Haven Institute and Conservatory of Music was a private historically black Methodist college in Meridian, Mississippi founded in 1865 by Moses Austin, a pastor of the Saint Paul Methodist Episcopal Church of Meridian and an ex-slave. Originally called Meridian Academy and located at 27th Avenue and 13th Street, the name was changed in 1914 when Haven Academy of Waynesboro, Georgia merged with Clark University of Atlanta, Georgia.

History
A 1917 report published by the United States Office of Education recorded M. S. Davage as the school's principal. The report was published in 1917 and its Haven Institute documentation was from a 1914 visit.  The report states the  school spent too much time teaching "ancient languages" and recommended more industrial education programs such as cooking, sewing, and gardening.

The school's growth was hampered for lack of adequate room for expansion for classrooms and dormitories, forcing it to turn down applicants.

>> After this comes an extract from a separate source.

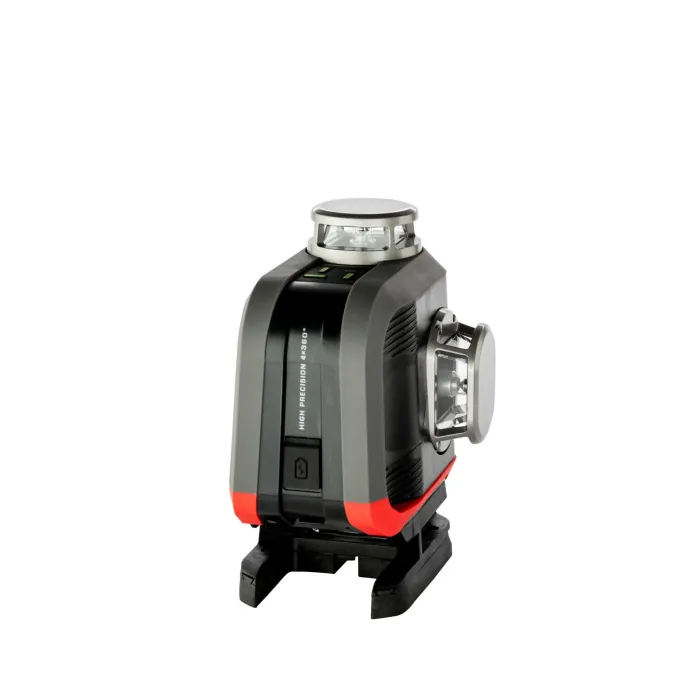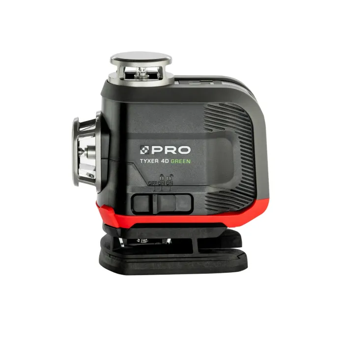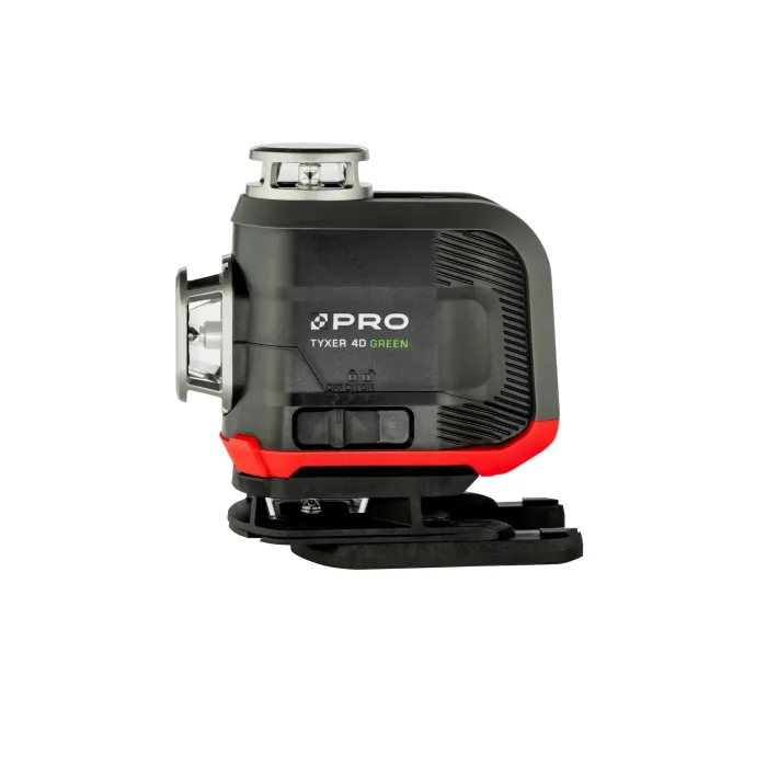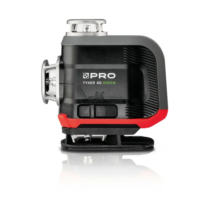 Функцията за заключване на махалото позволява маркиране на всякакви склонове. Режимът на маркиране на склонове се индикира от мигане на лъча на всеки 5 секунди. Импулсният режим за работа с детектор увеличава работния обхват на лазера. При условия на слаба околна светлина, може да се използва като ECO функция за удължаване на времето за работа и подобряване на комфорта на потребителя. Функция за лазерен отвес - оста на кръста на тавана и земята маркира вертикала. Многолинейният лазер TYXER 4DG генерира 4 равнини от 360°, две хоризонтални и две вертикални, пресичащи се под ъгъл от 90°. Моделът TYXER 4DG има подвижен крачен елемент, който след демонтиране позволява на устройството да проектира долната греда на ниво, вече на 8,5 мм от земята. Лазерът се самонивелира благодарение на магнитното махало. Устройството е с клас на защита IP54. Отклонението на устройството извън работния диапазон ±3° се индикира с бързо мигане на лазерната линия. ¼” резбата в основата на лазера позволява бърз и лесен монтаж на статив или телескопичен прътл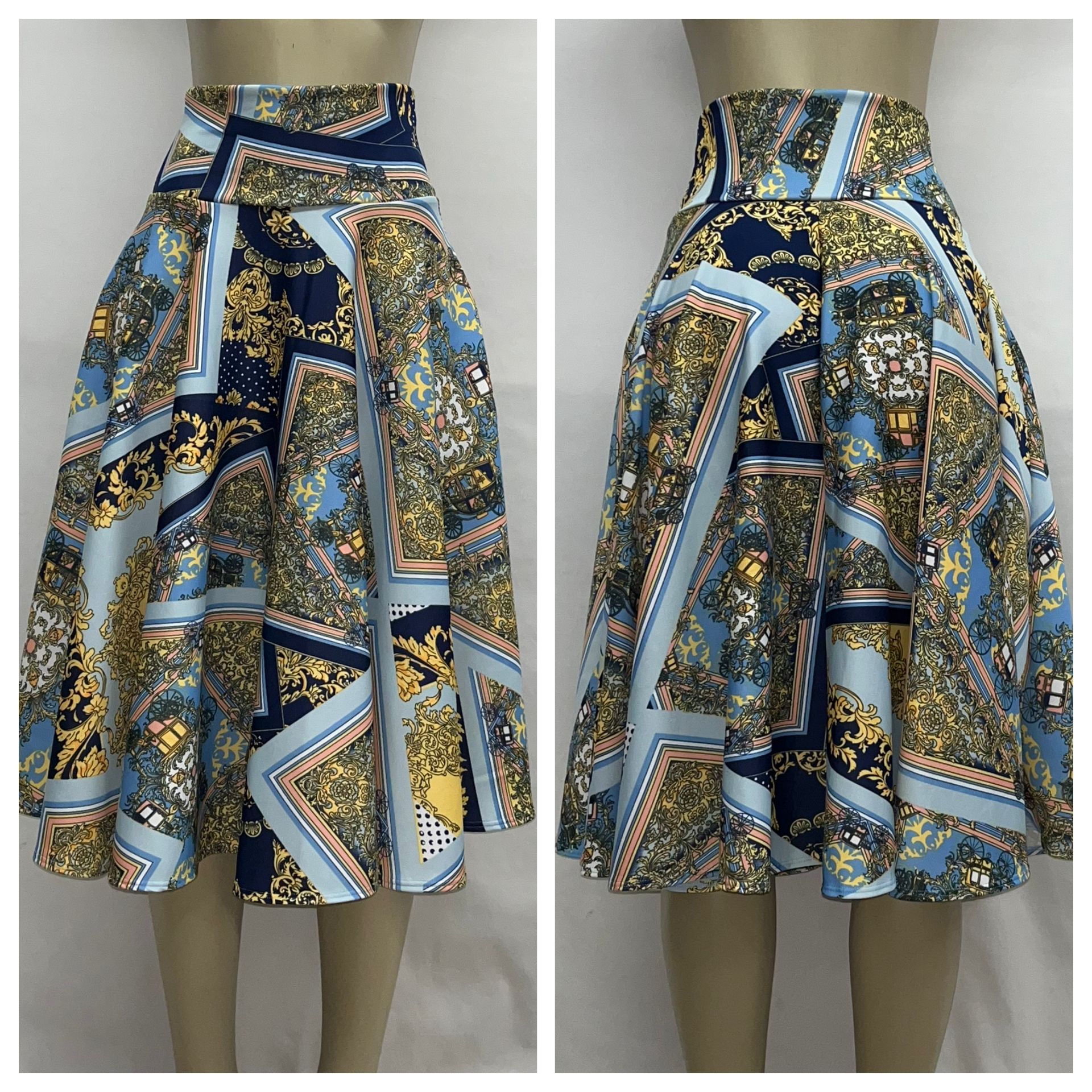🖼️ Estampado: Tipo pañuelo con motivos barrocos en azul, dorado y celeste

To remedy this, in 1921 the Board of Education for Negroes of the Methodist Episcopal Church (originally the Freedmen's Aid Society) purchased the 100-acre campus of the defunct Meridian Female College a mile outside of the city. A large conservatory of music was included, with a pipe organ, numerous pianos and other musical equipment, and the school opened the Haven Conservatory of Music, directed by the Rev. William A. Sykes. The original building was sold to the church.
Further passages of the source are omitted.